Top Related Projects
Cross-platform, customizable ML solutions for live and streaming media.
Open standard for machine learning interoperability
ONNX Runtime: cross-platform, high performance ML inferencing and training accelerator
Serve, optimize and scale PyTorch models in production
The Triton Inference Server provides an optimized cloud and edge inferencing solution.

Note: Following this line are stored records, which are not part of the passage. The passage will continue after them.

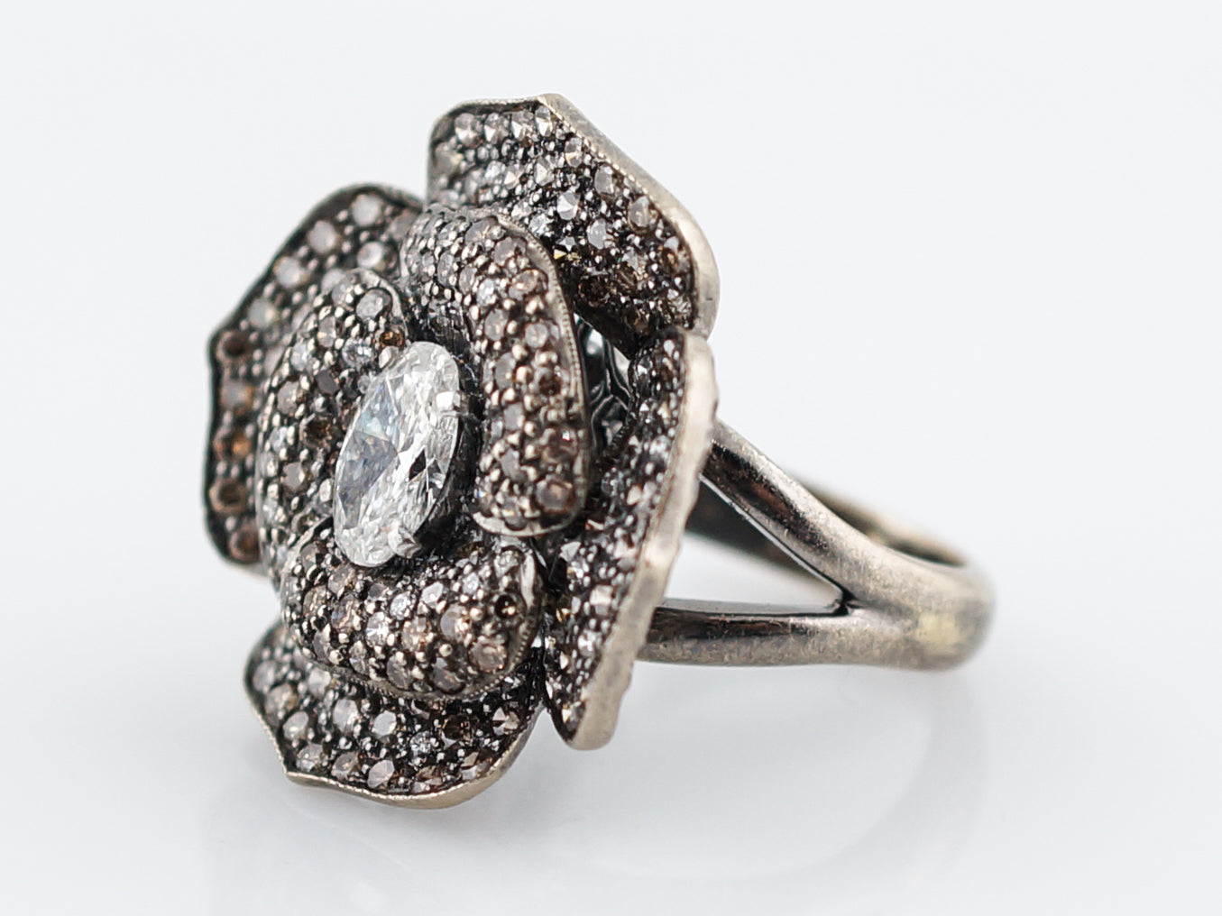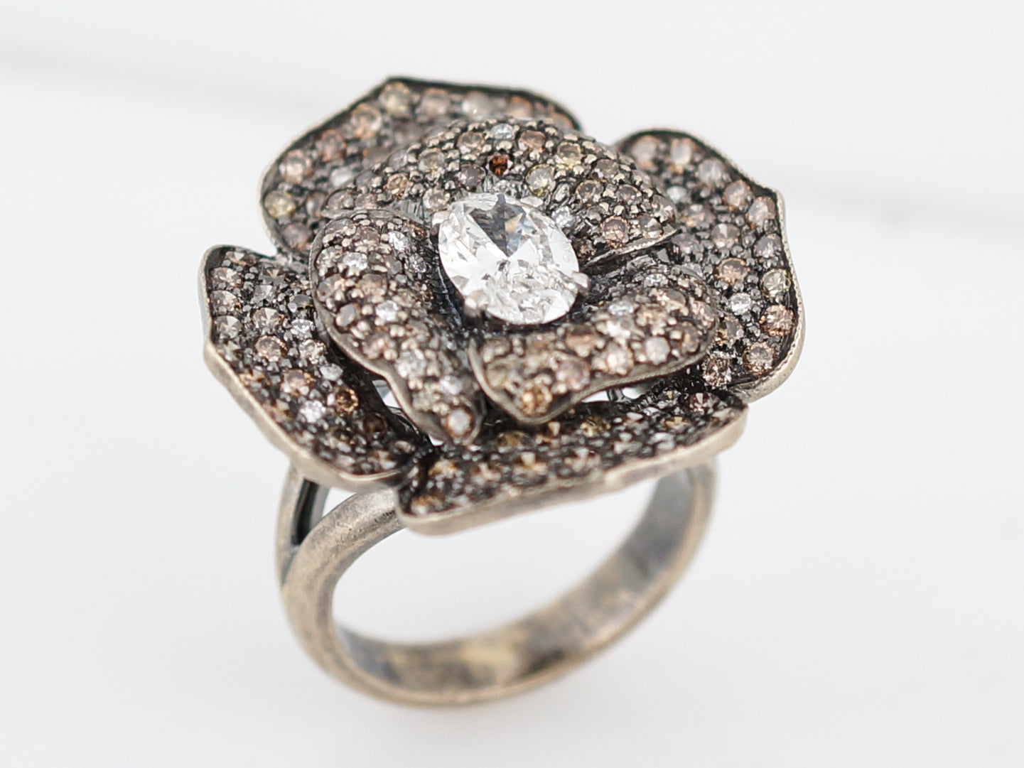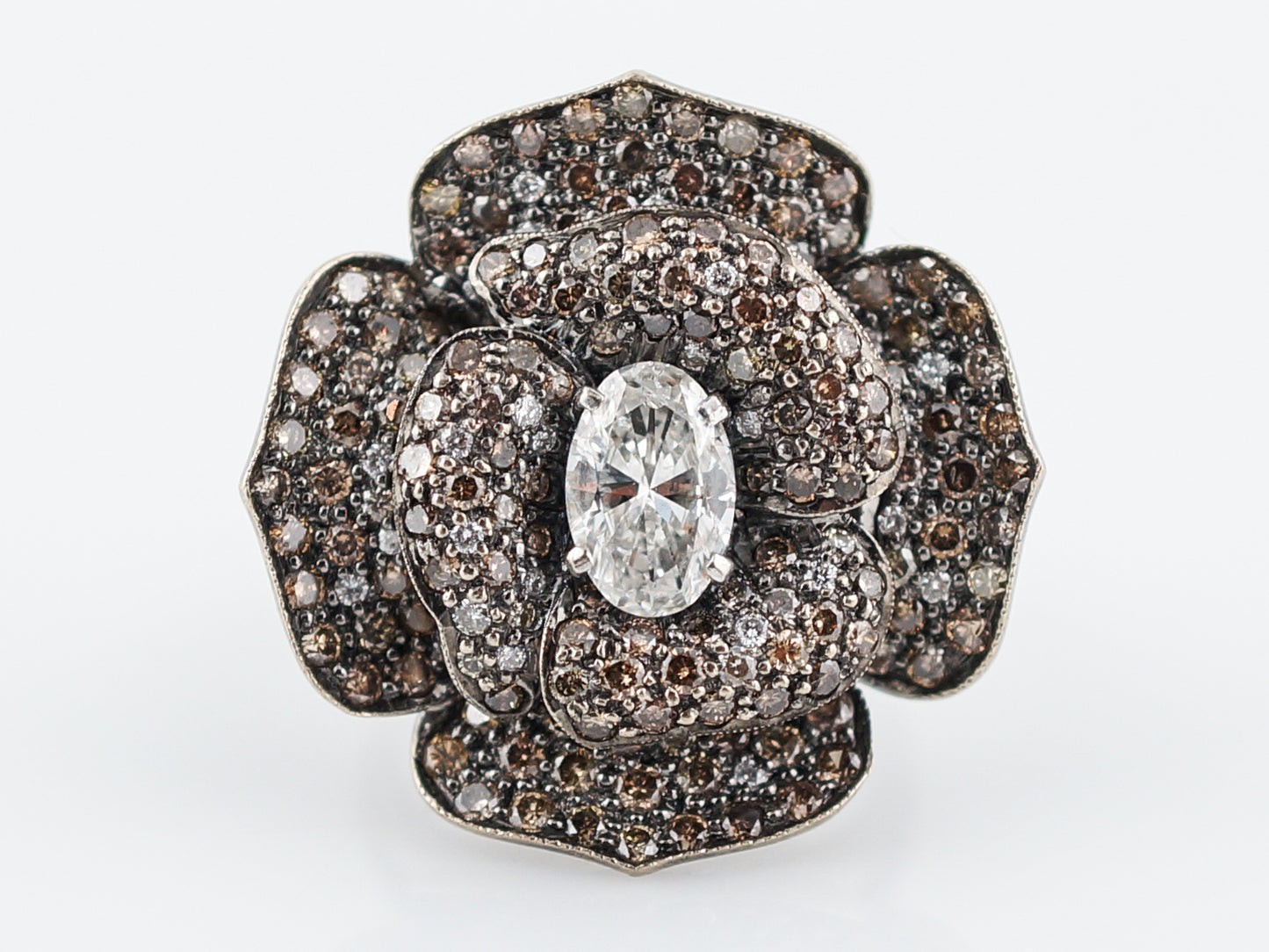 This statement ring is ready to be noticed. This fun flower ring has a 1.07 carat oval diamond as its focal point. The dazzling oval diamond sits in the center of a diamond encrusted flower. The flower is covered in 2.44 carats of multi-colored diamonds giving the petals a unique mosaic feel. The ring is made with 18k gold that has been plated in a black platinum to give it a distinctive look.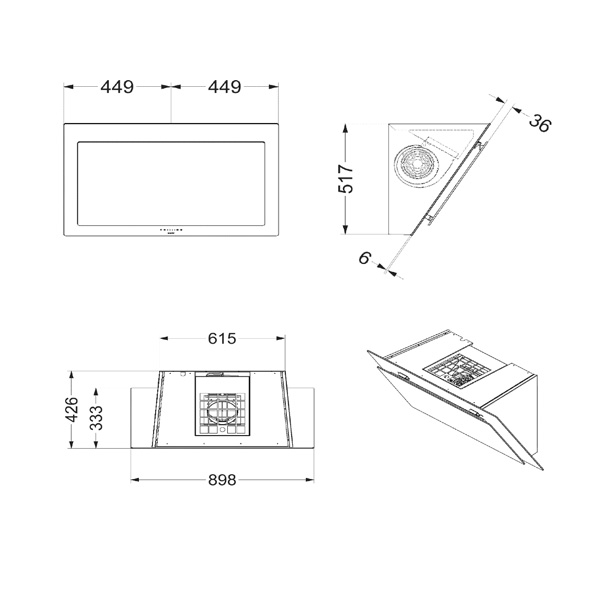 Kopffreihaube mit Randabsaugung Umluftversion inklusive MONOBLOCK-Kohlefilter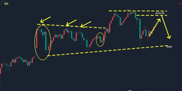 昨日盘面,国际金在早间高开高走之后形成了冲高回落。而在午后时段以及欧盘时段是反复承压,三次承压之后,晚盘我们给了看回落的思路,但是止步在4995位置,并没有形成有效的下跌,尾盘反而出现了拉升,也就是说我们的空单布局出现了打损。而在打损之后,黄金进一步上涨到5080之上,但是夜间盘面再度形成了冲高回落,盘面价格再次回到了昨日白盘震荡的区间。那么连续两次冲高回落,目前行情似强非强的感觉,上升显得比较虚,日内就要震荡的出现。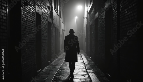 Solitary, cloaked figure walks down dark, foggy urban alleyway at night. Illuminated by distant streetlamp, mysterious silhouette moves away from viewer, creating suspenseful, atmospheric scene.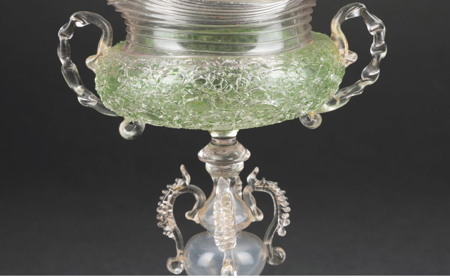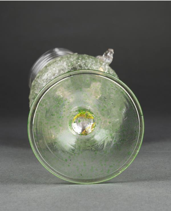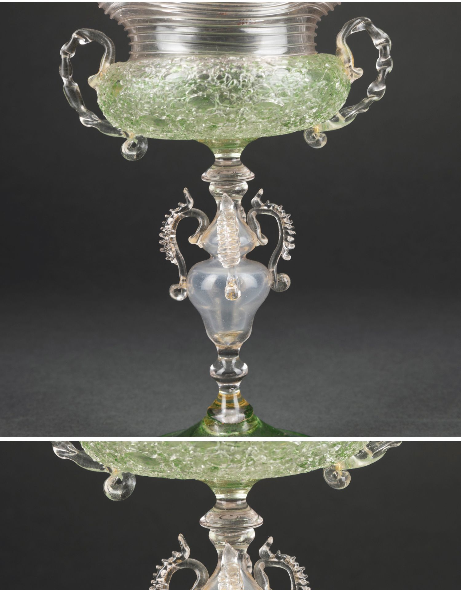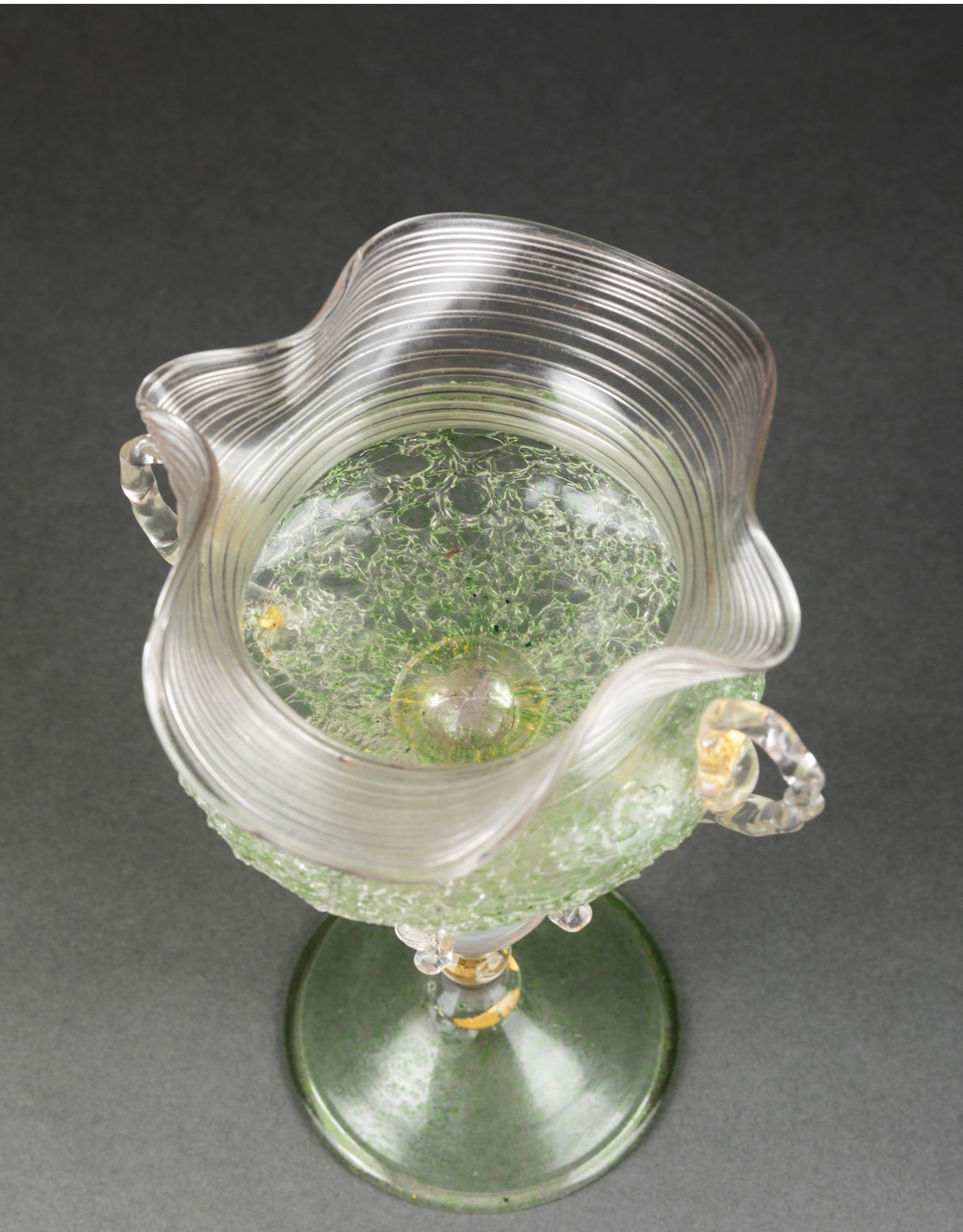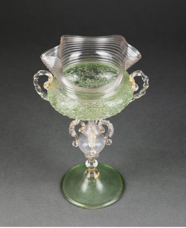 独角鹿西洋古董意大利出品威尼斯Murano玻璃绿色双耳高脚杯

The easiest way to serve AI apps and models - Build reliable Inference APIs, LLM apps, Multi-model chains, RAG service, and much more!
Quick Overview
TensorFlow Serving is an open-source serving system for machine learning models, designed to take models from experimentation to production environments. It allows for easy deployment of algorithms and experiments while maintaining the same server architecture and APIs. TensorFlow Serving is particularly well-suited for TensorFlow models but can be extended to serve other types of models and data.
Pros
- Flexible architecture that supports multiple machine learning frameworks
- Efficient model versioning and concurrent model serving
- High performance, supporting batching and GPU acceleration
- Easy integration with TensorFlow and other ML ecosystems
Cons
- Steep learning curve for beginners
- Limited support for non-TensorFlow models out of the box
- Can be resource-intensive for large-scale deployments
- Documentation can be sparse for advanced use cases
Code Examples
- Loading and serving a saved model:
import tensorflow as tf
from tensorflow_serving.apis import predict_pb2
from tensorflow_serving.apis import prediction_service_pb2_grpc
model = tf.saved_model.load('/path/to/saved_model')
stub = prediction_service_pb2_grpc.PredictionServiceStub(channel)
request = predict_pb2.PredictRequest()
request.model_spec.name = 'my_model'
request.model_spec.signature_name = 'serving_default'
request.inputs['input'].CopyFrom(tf.make_tensor_proto(input_data))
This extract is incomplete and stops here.